Work to be completed: Set down, word for word, every line of the material below from the one containing "Хірургічна фреза твердосплавна" through the one containing "3745, 3855. | |", but none of its pictures.

Source material:
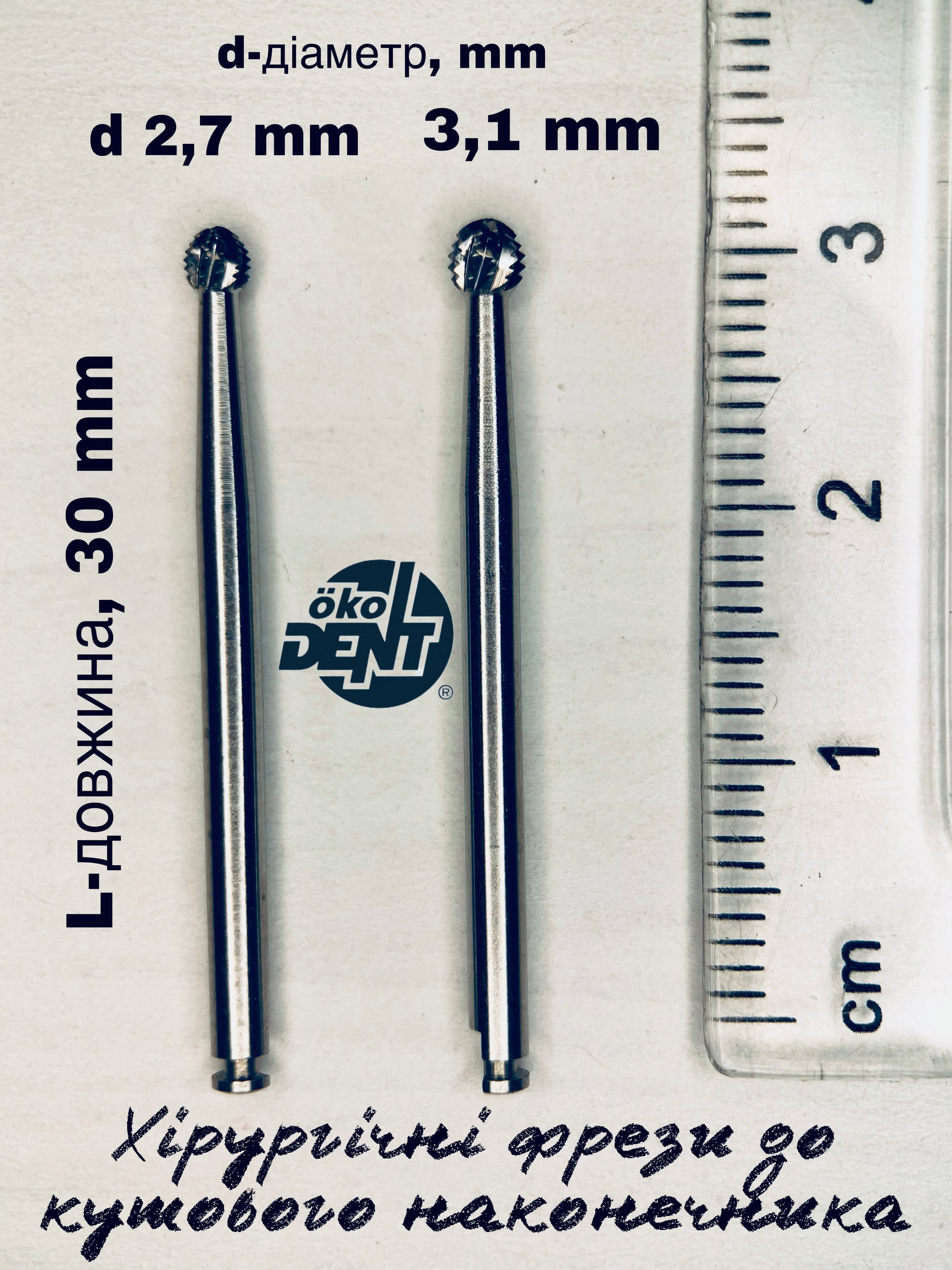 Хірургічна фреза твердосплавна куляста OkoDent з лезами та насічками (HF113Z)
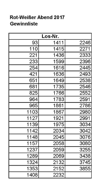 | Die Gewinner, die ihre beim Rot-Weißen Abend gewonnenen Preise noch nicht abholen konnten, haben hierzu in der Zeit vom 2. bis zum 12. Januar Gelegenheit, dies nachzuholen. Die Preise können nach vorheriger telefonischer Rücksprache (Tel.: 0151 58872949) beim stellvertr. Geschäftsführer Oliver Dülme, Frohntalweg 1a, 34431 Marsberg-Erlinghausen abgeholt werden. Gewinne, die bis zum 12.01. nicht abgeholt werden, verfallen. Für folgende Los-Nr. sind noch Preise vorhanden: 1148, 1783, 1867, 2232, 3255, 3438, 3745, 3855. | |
...
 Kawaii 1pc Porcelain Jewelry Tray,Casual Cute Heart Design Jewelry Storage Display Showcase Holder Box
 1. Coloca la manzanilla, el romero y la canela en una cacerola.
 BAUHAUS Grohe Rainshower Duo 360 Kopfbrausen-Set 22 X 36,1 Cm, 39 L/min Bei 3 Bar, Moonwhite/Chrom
...
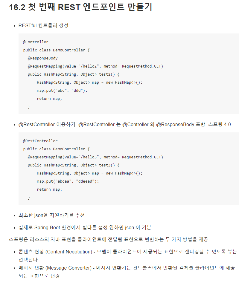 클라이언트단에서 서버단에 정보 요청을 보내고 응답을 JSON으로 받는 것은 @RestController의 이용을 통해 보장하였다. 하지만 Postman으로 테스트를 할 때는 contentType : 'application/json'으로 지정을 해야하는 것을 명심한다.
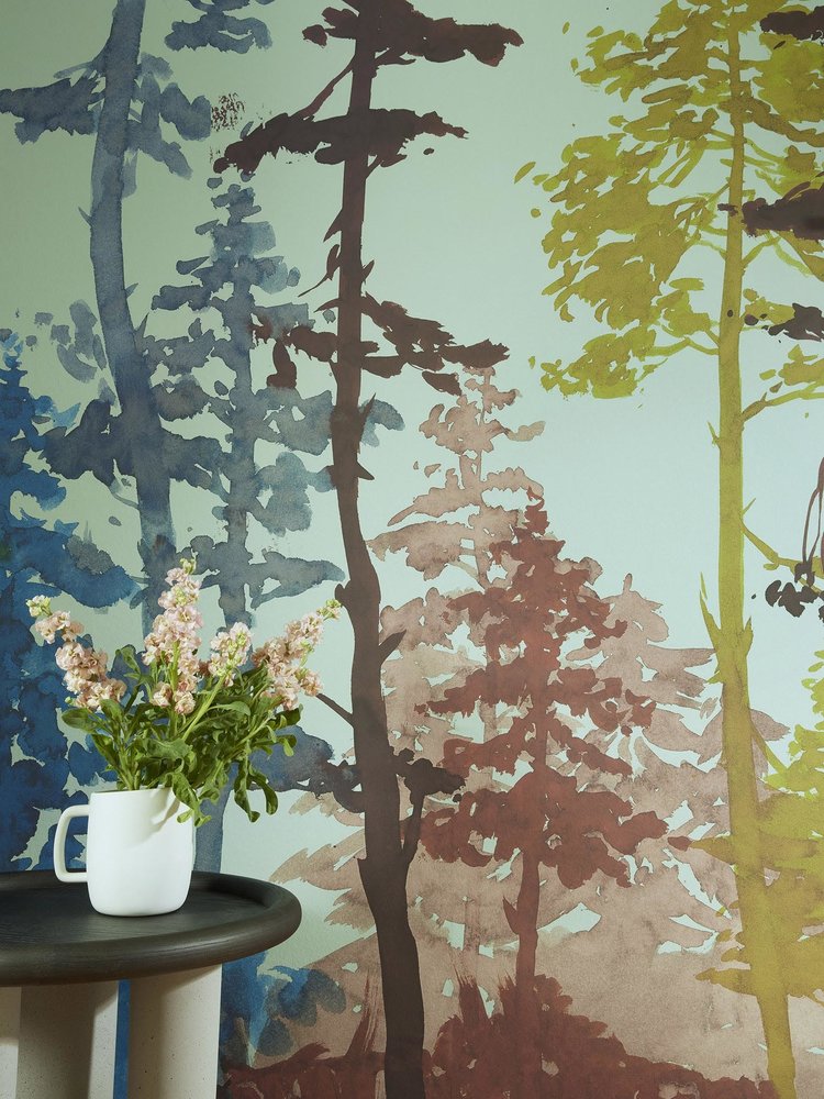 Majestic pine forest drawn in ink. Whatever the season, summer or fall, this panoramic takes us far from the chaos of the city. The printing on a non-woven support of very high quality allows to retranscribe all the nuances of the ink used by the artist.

Response below:
 Хірургічна фреза твердосплавна куляста OkoDent з лезами та насічками (HF113Z)
 | Die Gewinner, die ihre beim Rot-Weißen Abend gewonnenen Preise noch nicht abholen konnten, haben hierzu in der Zeit vom 2. bis zum 12. Januar Gelegenheit, dies nachzuholen. Die Preise können nach vorheriger telefonischer Rücksprache (Tel.: 0151 58872949) beim stellvertr. Geschäftsführer Oliver Dülme, Frohntalweg 1a, 34431 Marsberg-Erlinghausen abgeholt werden. Gewinne, die bis zum 12.01. nicht abgeholt werden, verfallen. Für folgende Los-Nr. sind noch Preise vorhanden: 1148, 1783, 1867, 2232, 3255, 3438, 3745, 3855. | |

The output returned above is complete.